- Map of members or potential members of the WAGGGS-Europe Region; Andorra, with no Guiding organization, and those outside the Region, are in grey
- Owner: World Association of Girl Guides and Girl Scouts
- Headquarters: Brussels, Belgium
- Location: Rue Belliard,40 1000 Brussels
- Country: Belgium
- Chair: Eline Marie Grøholt 2019 - 2022
- Vice Chair: Lilit Chilingaryan
- Website https://www.wagggs.org/en/our-world/europe-region/

= Europe Region (World Association of Girl Guides and Girl Scouts) =

WAGGGS divisional office in Europe

The WAGGGS Europe Region is the regional office of the World Association of Girl Guides and Girl Scouts, which supports Girl Guiding and Girl Scouting in Europe, including the former Soviet Republics of Armenia, Azerbaijan, Belarus, Georgia, Moldova, Russia, and Ukraine, as well as Cyprus and Israel.

==History==
Central and Eastern Europe and the Soviet Union have developed Guiding programs in the region. These include Albania, Bulgaria, East Germany, Hungary, Poland, Romania, and the successor states to Czechoslovakia, Yugoslavia and the Baltic nations independent of the former Soviet Union. Of these, Poland, the Czech Republic and Hungary. They have been particularly successful in rebuilding well-established Guide movements, supported in part by Guide-in-Exile organizations serving each nation’s diaspora.

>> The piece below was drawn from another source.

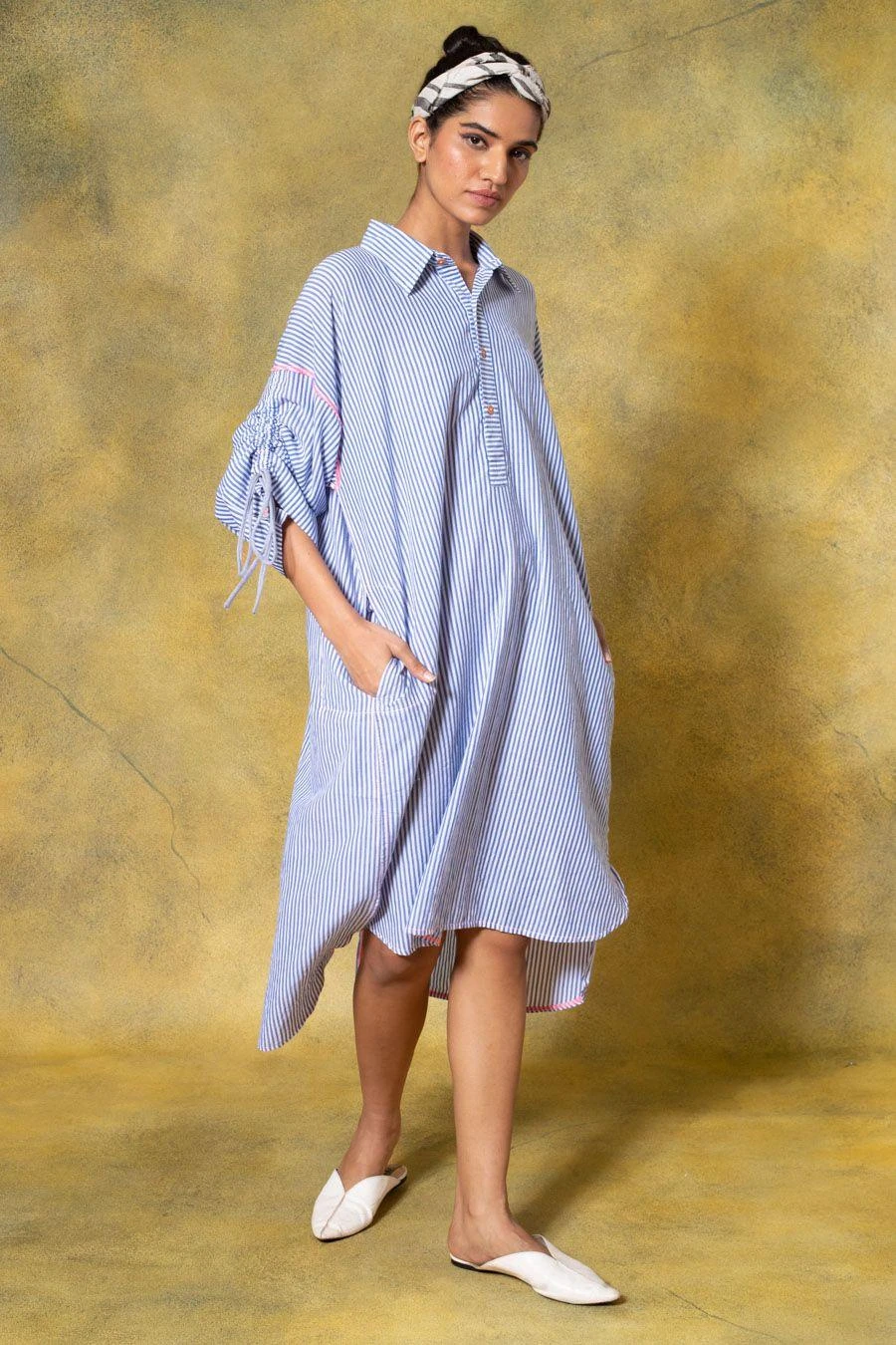SavioJon Blue Collared High-low Dress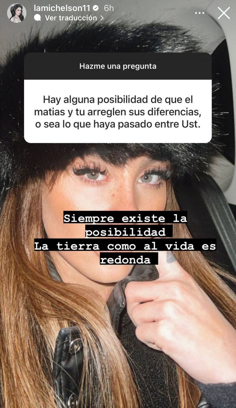 Acto seguido, la Nacha no se complicó y respondió con una profunda reflexión. “Siempre existe esa posibilidad. La tierra como la vida, es redonda”, complementó Michelson en la mencionada plataforma virtual.

This region is the counterpart of the European Region of the World Organization of the Scout Movement (WOSM). The Europe Region WAGGGS has strong connections to the European Region of WOSM. Both maintained a joined office in Brussels for some years and published a monthly newsletter called Eurofax. Currently the two regions run the joint communication platform 'WEConnect'.

Post-Soviet nations are divided between the WAGGGS-Europe Region and the WAGGGS-Asia Pacific Region.